Fragments are syntactically incomplete utterances that convey a full message, although parts of this message are not explicitly expressed and must be recovered from the context. This thesis is concerned with the recovery of this implicitly conveyed message. Based on evidence from corpus studies, representative of both unrestricted language use (spontaneous spoken interactions) and restricted language use (written question answering interactions), fragments have been classified according to their context dependency into two main classes: a) fragments resolved according to some linguistically represented antecedent, and b) fragments resolved against a conceptual representation of some highly focused referent, either introduced in the discourse or present in the communicative context. The resolution of the second type of fragment often requires some reasoning in order to establish the connection between the focused referent and the content of the fragment.

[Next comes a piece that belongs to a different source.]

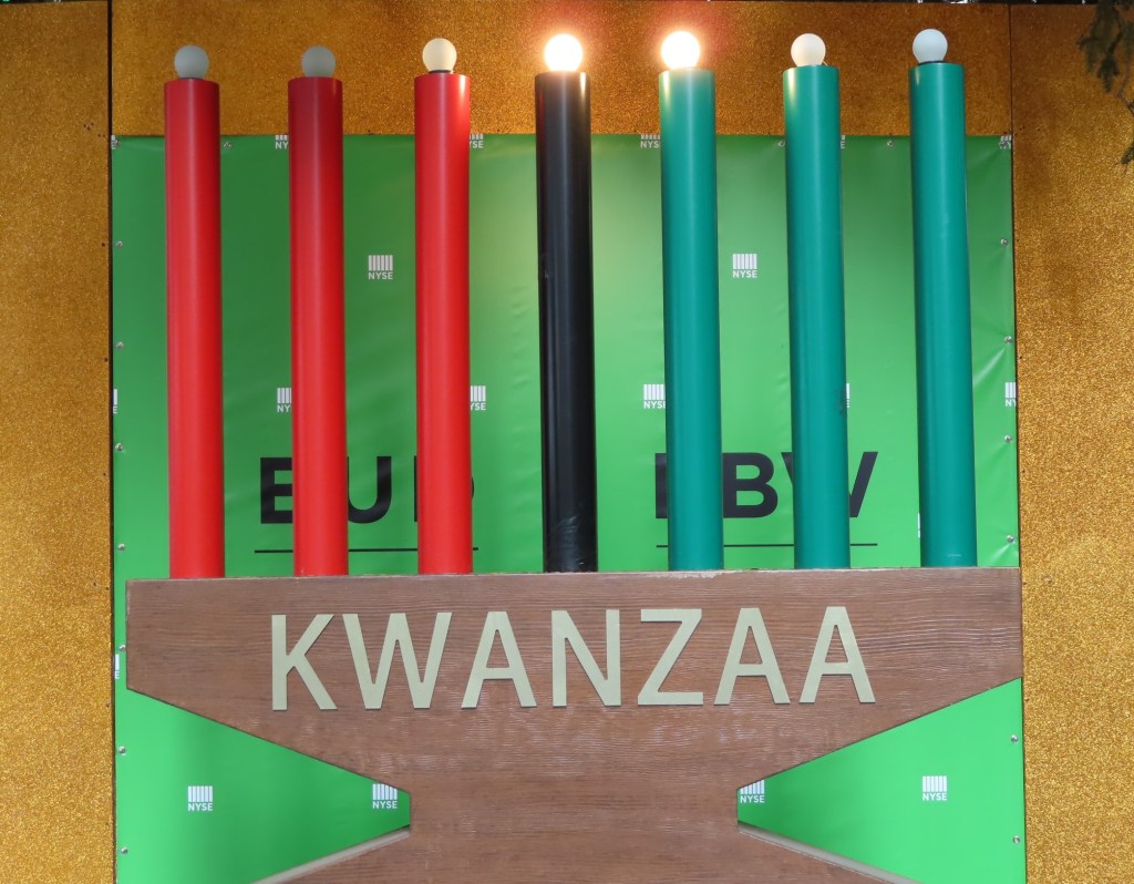 Of Kwanzaa’s seven kinara candles, the central one is black for unity, three red ones symbolize past struggles, and three green represent future hope.

Taking into consideration results from cognitive studies regarding discourse memory, a discourse model is proposed in which information at the linguistic level rapidly decays, while information at the conceptual level remains longer in memory. The antecedents of fragments are either semantic structural representations of previous utterances still in memory or semantic conceptual representations in the focus of attention. A formalization of this model within the HPSG framework is presented. For this purpose, an interface has been designed in the HPSG declarative grammar formalism, which allows reference to dynamic processes without compromising the declarativeness of the representation.

With the aim of obtaining information about the use of fragments in question answering (QA) interactions a Wizard-of-Oz simulation of a QA system has been conducted and the obtained corpus has been investigated regarding the use of implicit reference devices. This corpus has served as a point of reference for the implementation of the theoretical model as a discourse module with fragment resolution capabilities in a QA application.

In the implemented discourse module, fragment resolution at the linguistic level considers information from several sources, such as named-entity recognition, syntax and knowledge. Regarding resolution at the conceptual level, two alternatives have been developed: a connectionist resolution component and a hybrid one. The conceptual representation of the content of the discourse has been implemented as a symbolic neural network, where the focus of attention is determined by "spreading activation". In the hybrid approach, resolution is achieved by querying an external ontology regarding the well-formedness according to the domain model of the association between some referent in the focus of attention and the content of the fragment. In the connectionist approach the network is enriched with knowledge and resolving a fragment involves finding the most active association in the network between some referent and the content of the fragment.

This work concludes with a quantitative evaluation of the implemented solution and an analysis of its coverage. The discourse module improves the total coverage of the original QA system by 8.6%.